Far in the zenith above them they saw a point of light; a point that grew and spread and became definite as a great star; then it became a shooting star, plunging earthward, and so great was its speed that even as they watched they could make out a green fragment, flame-wrapped in its midst.

“The last one!” said Sherman. “Thank God for that. Wonder how they got her?”

“Wonder what we do next,” remarked Murray, practically.

They looked about them. They were on a hillside in a little clearing in a high, narrow valley. On every side were woods, dark and impenetrable. Just below they could hear the purl of a brook, and the trees about them were bare with the dark bareness of spring, a few fugitive buds being the only announcement that the season of growing was at hand. No landmarks, no roads were visible, and the sky was darkening fast.

“The question,” said Gloria, “is not where do we go, but where are we going from.”

“It might be most anywhere,” remarked Murray. “Adirondacks, Catskills, or even Laurentians. I don’t think we got far enough west for it to be the Blue Ridge or the Appalachians, but there’s no way of telling.”

“Well,” Gloria offered, “I’ve been in a lot of mountains in my day, but I never saw any where following a stream didn’t take you somewhere sooner or later. I vote we trail along with that brook there and see what happens.”

“Bright thought,” commented Ben. “Let’s see what we can dig out of the wreck by way of weapons.”

“What for? There aren’t any animals, and they couldn’t hurt you if there were. If we meet any of the Lassans any weapon you got out of that mess wouldn’t be much use. Wish we had a flashlight though.”

Treading carefully, but with a good deal of noise and confusion, they began to crash their way through the underbrush along the bank of the stream. At the foot of the valley it dived over a diminutive waterfall and then tumbled into another similar brook. Along the combined streams ran a road--a dirt road originally, now long untraveled, muddy and bad, but still a road.

An hour’s walking brought them around the foot of another mountain and into a valley where the road divided before a projecting buttress of rock. A teetering sign-post stood at the fork. With some trouble, and after getting himself immersed to the knees in the ditch, Murray managed to reach it and straining his eyes in the starlight, made out what it said. “THIS WAY TO HAMILTON’S CHICKEN DINNERS. 1 MILE” it read. With a snort of disgust he hurled the deceitful guidepost into the ditch and joined the others.

“Toss a coin,” someone suggested. No coins. A knife was flipped up instead. It fell heads and in accordance with its decision they took the road to the right. It led them along beside the stream for a while, then parted company with it and began to climb, and they soon found themselves at the crest of the hill. The night had become darker and darker, clouding over. But for the road they would have been completely lost. Finally, after skirting the hillcrest for a distance, the road dipped abruptly, and as it did so, they passed out of the forest into a region cleared but not cultivated, with numerous close-cut stumps coming right to the roadside.

“But for the fact that it’s a long ways away,” remarked Sherman, “I would say that this was the district around the Lassan headquarters.”

“What makes you think it’s a long ways away?” asked Gloria. “Do you know where we are? Neither do I.”

“By the nine gods of Clusium, I believe that’s it, at that!” said Sherman suddenly as the road turned past a place where a long scar of earth ran up the hillside, torn and blackened. “Look--that looks exactly like the result of one of our gravity-beam shots! And there--isn’t that the door?”

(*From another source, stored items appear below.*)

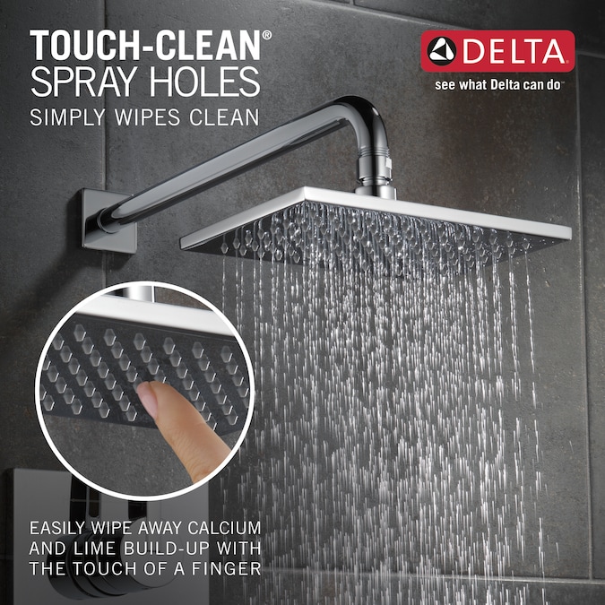 - Soft, rubber Touch-Clean spray holes allow you to easily wipe away calcium and lime build-up from the spray face of your shower head and hand shower with the touch of a finger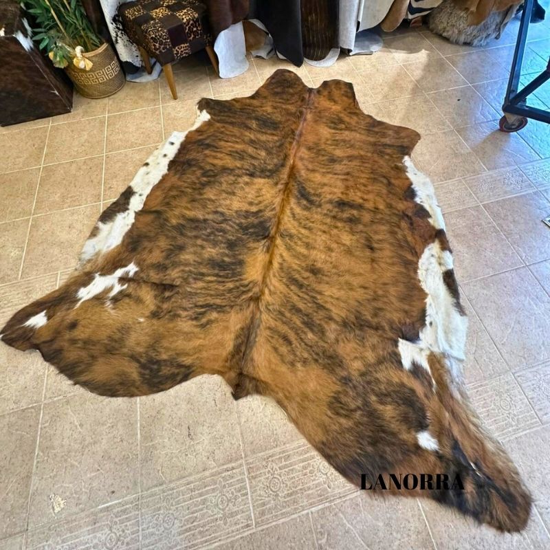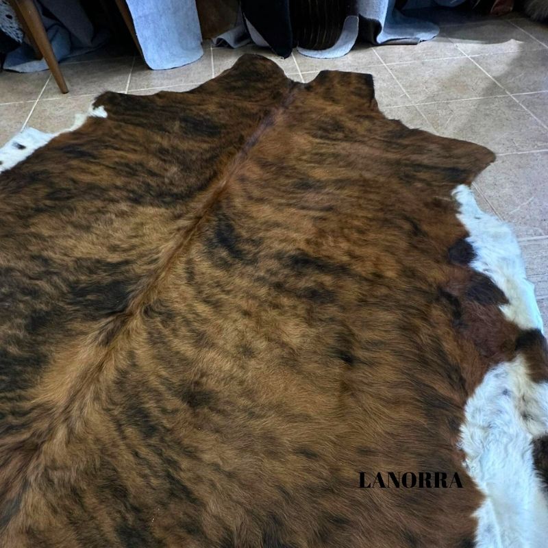Brindle Desenli Kenarları Beyaz Açık Kahverengi Renk Doğal Dana Postu 4.5-5 m2 LNRDP00005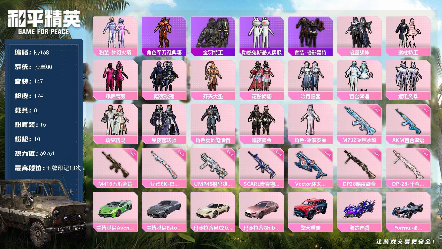 [16872914]安卓 手Q-15粉装-10特效枪-8载具-3粉色飞行器-69751热力值-13王牌印记-147套装-174枪皮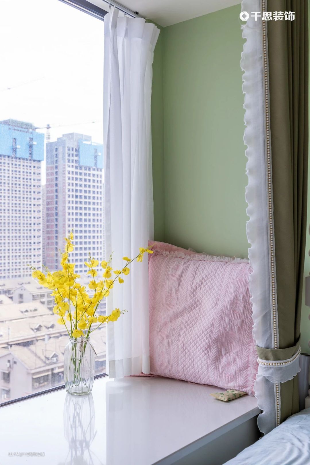 次卧是留给长辈小住的房间,保留飘窗拓展休闲区,牛油果绿背景墙+特色宫廷风床头也别有意趣。

They were on the hillside now, directly above the place he had indicated. From above and in the darkness it appeared as a cliff, breaking down rapidly to the valley, but Sherman led them to one side, straight down the hill and in another moment they were at its base. The great door through which the green balls had poured out that evening stood before them, a mighty arch reaching up into the dimness--and it was open.